È questo, in sintesi, il principio stabilito dal Consiglio di Stato con la sentenza n. 3104 del 2009. La storica decisione, emessa dalla sesta sezione di Palazzo Spada, premia la tenacia dei genitori di un bambino di Trieste affetto da una grave forma di autismo. Stanchi di dover ricominciare ogni anno da capo per via dell’avvicendarsi degli educatori, vedendo annullati i progressi del ragazzo nell’attività relazionale, avevano bussato alle porte del Tar del Friuli Venezia Giulia chiedendo l’accertamento e la dichiarazione del diritto del minore alla continuità didattica (ai sensi degli articoli 12 e 14 della legge n. 104/1992) oppure, in subordine, all’integrazione in classe mediante l’ausilio di un assistente alla comunicazione che lo aiutasse a partecipare alle lezioni (articolo 13 comma 3 della stessa 104).

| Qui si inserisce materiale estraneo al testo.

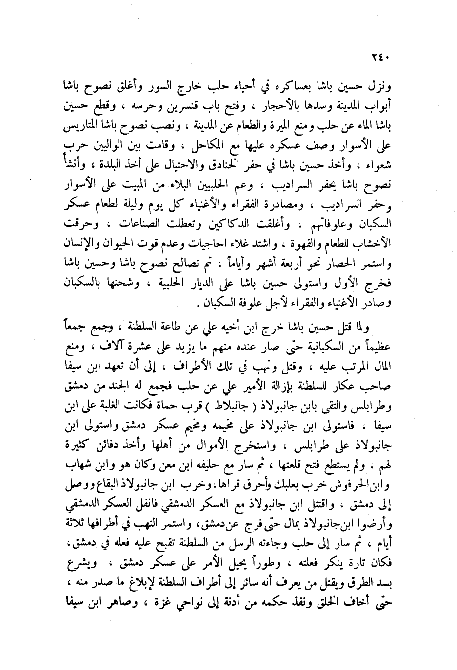ونزل حسين باشا بعساكره في أحياء حلب خارج السور وأغلق نصوح باشا أبواب المدينة وسدها بالأحجار، وفتح باب قنسرين وحرسه، وقطع حسين باشا الماء عن حلب ومنع الميرة والطعام عن المدينة، ونصب نصوح باشا المتاريس على الأسوار وصف عسكره عليها مع المكاحل، وقامت بين الواليين حرب شعواء، وأخذ حسين باشا في حفر الخنادق والاحتيال على أخذ البلدة، وأنشأ نصوح باشا يحفر السراديب، وعم الحلبيين البلاء من المبيت على الأسوار وحفر السراديب، ومصادرة الفقراء والأغنياء كل يوم وليلة لطعام عسكر السكبان وعلوفاتهم، وأغلقت الدكاكين وتعطلت الصناعات، وحرقت الأخشاب للطعام والقهوة، واشتد غلاء الحاجيات وعدم قوت الحيوان والإنسان واستمر الحصار نحو أربعة أشهر وأياماً، ثم تصالح نصوح باشا وحسين باشا فخرج الأول واستولى حسين باشا على الديار الحلبية، وشحنها بالسكبان وصادر الأغنياء والفقراء لأجل علوفة السكبان.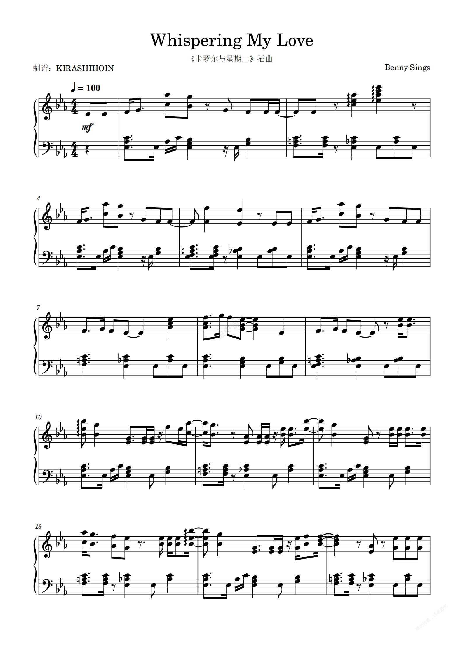 钢琴谱:Whispering My Love(《卡罗尔与星期二》插曲)

Il Tar, però, aveva bocciato il ricorso. Le garanzie del diritto allo studio e all’assistenza del minore disabile – questo il motivo – non possono condizionare le modalità concrete di svolgimento del servizio di sostegno socioeducativo. Sono in contrasto, insomma, col potere organizzativo della pubblica amministrazione. La tesi tuttavia non aveva convinto i genitori e i loro avvocati, che avevano presentato appello al Consiglio di Stato. Risultato: il ricorso è fondato e il Comune di Trieste condannato al pagamento delle spese processuali. Secondo il collegio giudicante la richiesta dei genitori è «comprovata dall’esigenza di contenere le reiterate regressioni comportamentali del figlio, causate dal continuo cambiamento delle figure professionali incaricate del sostegno didattico». L’organizzazione del sostegno da parte degli enti locali, ma anche dell’attività delle scuole, non può, infatti, «comprimere o vulnerare quel diritto all’educazione, all’integrazione sociale e alla partecipazione alla vita della comunità riconosciuto alla persona da fonti sovranazionali, dalla Costituzione e dalla legislazione ordinaria». Le attività integrative di valenza socioeducativa, come il supporto individualizzato, devono essere prestate, anzi, con modalità «idonee a realizzare lo sviluppo della personalità dell’alunno e a garantire la presenza stabile di un educatore che segua costantemente l’alunno disabile nel processo di integrazione». Il piccolo alunno triestino, insomma, può riavere la sua educatrice: Valentina.